An independent Korean state or collection of states has existed almost continuously for several millennia. Between its initial unification in the 7th century - from three predecessor Korean states - until the 20th century, Korea existed as a single country. It became a Chinese tributary state in 1392 with the formation of the Choson Dynasty. Korea became an independent country at the conclusion of the Sino-Japanese War in 1895 with the Treaty of Shimonoseki.
Imperial Japan, following the Russo-Japanese War in 1905, forced Korea to sign the Protectorate Treaty. In 1910 Tokyo annexed the Peninsula. Korea regained its independence following Japan's surrender to the United States in 1945.

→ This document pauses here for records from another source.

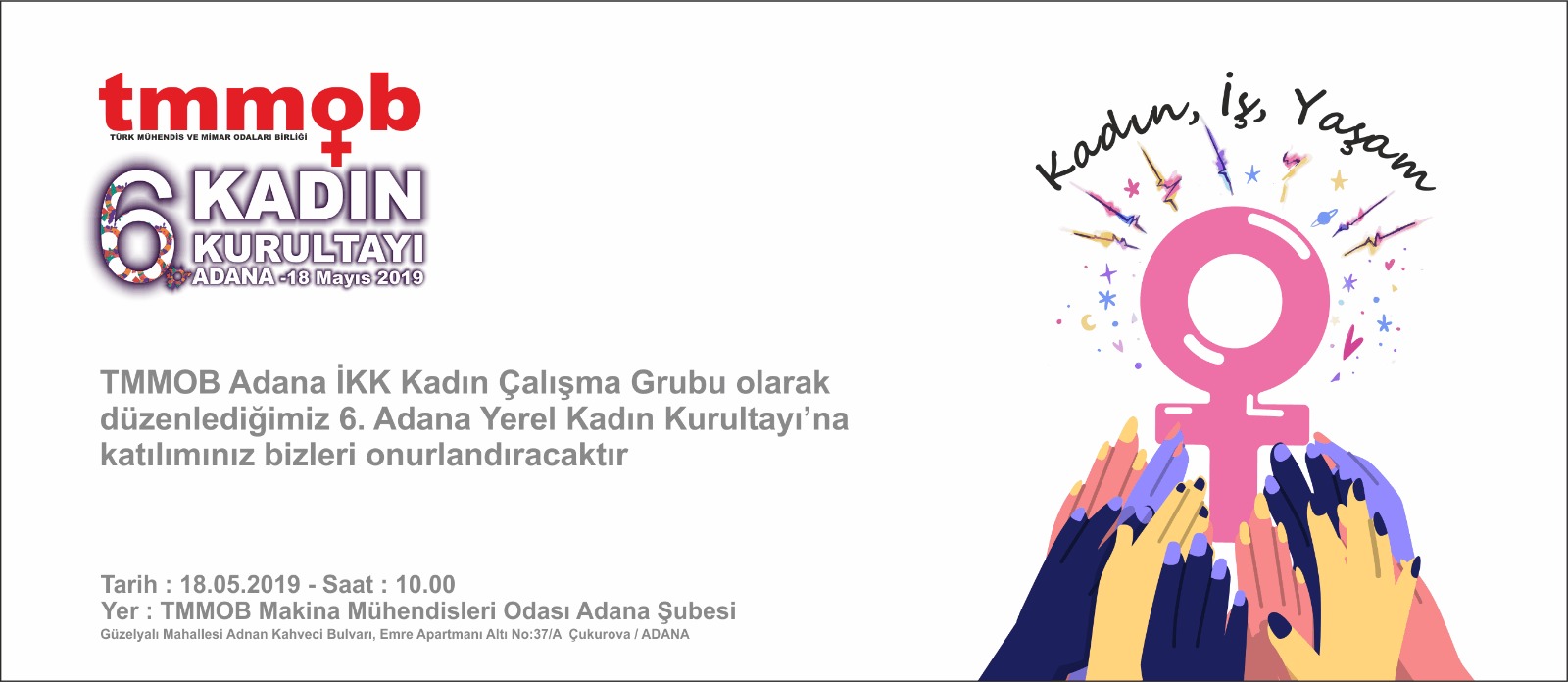 18 Mayıs 2019 saat 10.00da TMMOB Adana İl Koordinasyon Kurulu Kadın Çalışma Grubu tarafından Makina Mühendisleri Odası Adana Şubesinde düzenlenecek olan 6. Adana Yerel Kadın Kurultayına tüm üyelerimiz davetlidir.
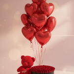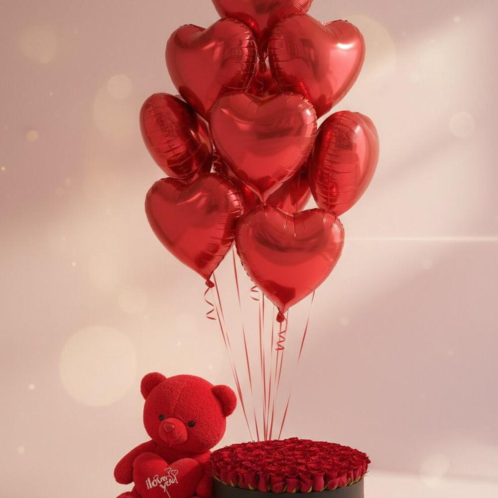 globos rojos en forma de corazón - 10 ud. red roses in box - 200 ud. 1x osito de peluche - 1 ud.
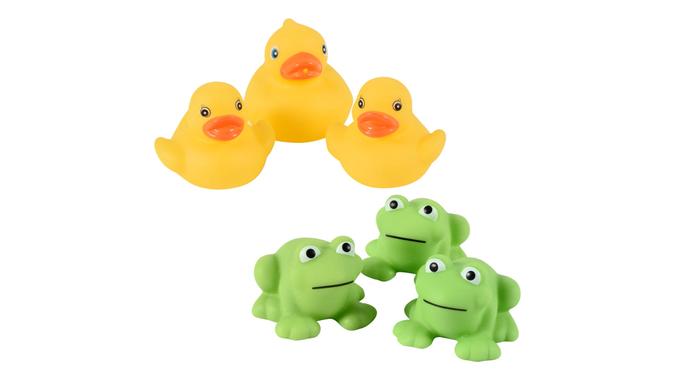 Make bath time with the kids less stressful with these adorable (and affordable) 3-count sets of bath toys featuring yellow ducks and green frogs.
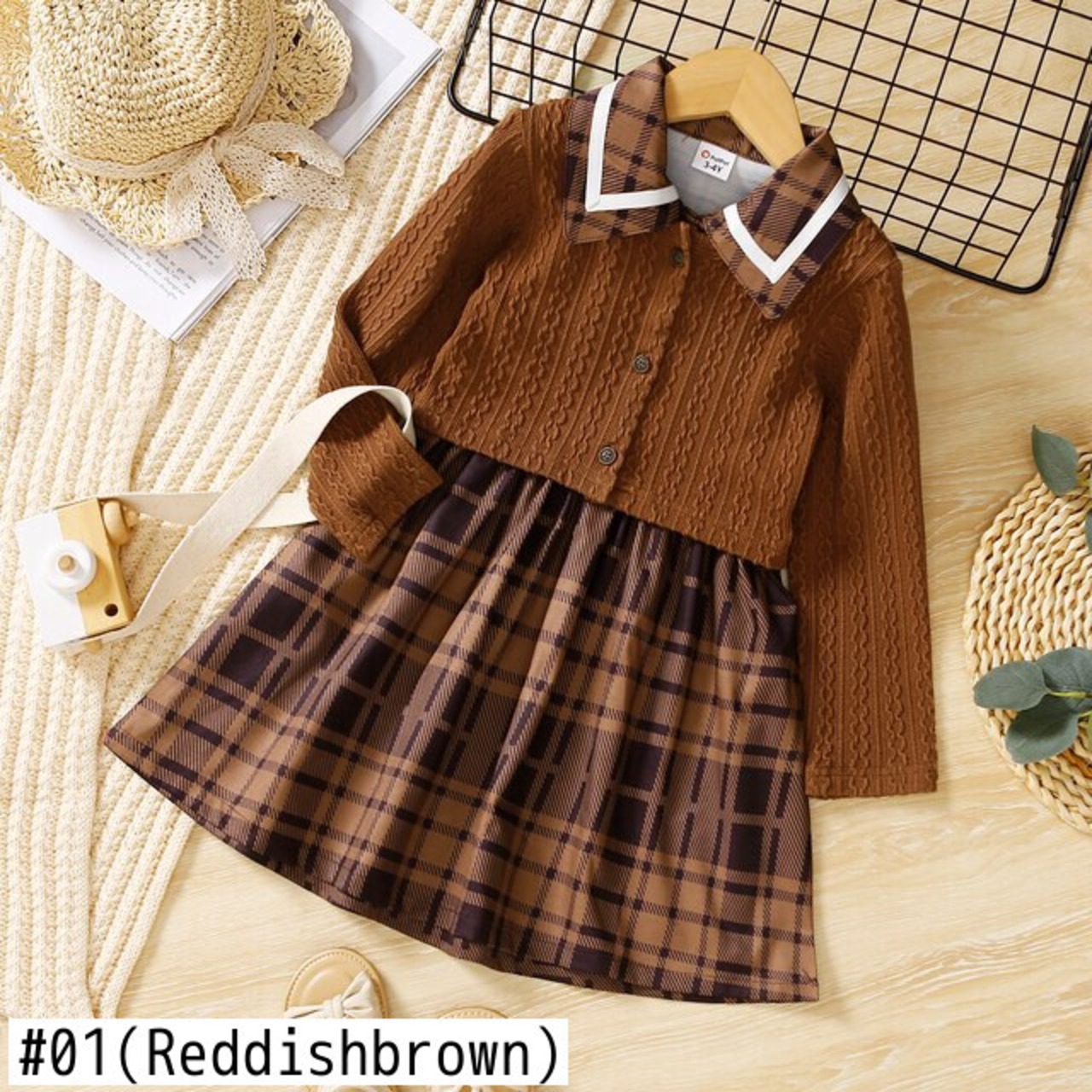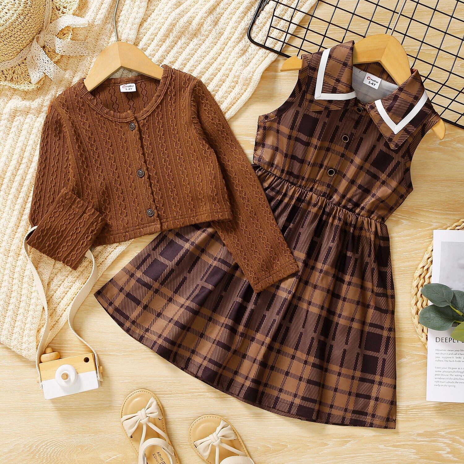 新作 PatPat 2ピース幼児女の子ラペルカラーチェック柄ノースリーブドレスとケーブルニット長袖カーディガンセット
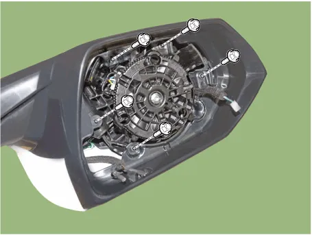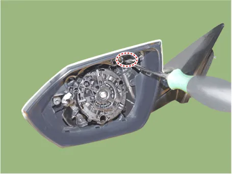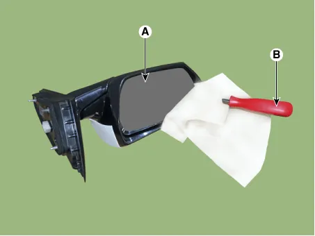 Repair procedures Removal1.Disconnect (-) battery terminal.2.Using a fastener remover (C), remove the mirror (A) as illustration below. • Protect mirror from removing tool with cloth (B) wrapped.

Following World War II, Korea was split with the northern half coming under Soviet-sponsored Communist control.
After failing in the Korean War (1950-53) to conquer the US-backed Republic of Korea (ROK) in the southern portion by force, North Korea (DPRK), under its founder President KIM Il Sung, adopted a policy of ostensible diplomatic and economic "self-reliance" as a check against outside influence. The DPRK demonized the US as the ultimate threat to its social system through state-funded propaganda, and molded political, economic, and military policies around the core ideological objective of eventual unification of Korea under Pyongyang's control.
A Military Demarcation Line within the 4-km wide Demilitarized Zone has separated North from South Korea since 1953. Periodic incidents have occured in the Yellow Sea with South Korea which claims the Northern Limiting Line as a maritime boundary.
Kim Il Sung's son, Kim Jong Il, was officially designated as his father's successor in 1980, assuming a growing political and managerial role until the elder Kim's death in 1994.
In 2009, Kim Jong Il began the process of preparing the way for his youngest son, Kim Jong Un, to succeed him in power.
After decades of economic mismanagement and resource misallocation with its central planning system, the DPRK since the mid-1990s has relied heavily on international aid to feed its population.
North Korea's history of regional military provocations, proliferation of military-related items, long-range missile development, WMD programs including tests of nuclear devices in 2006 and 2009, and massive conventional armed forces are of major concern to the international community.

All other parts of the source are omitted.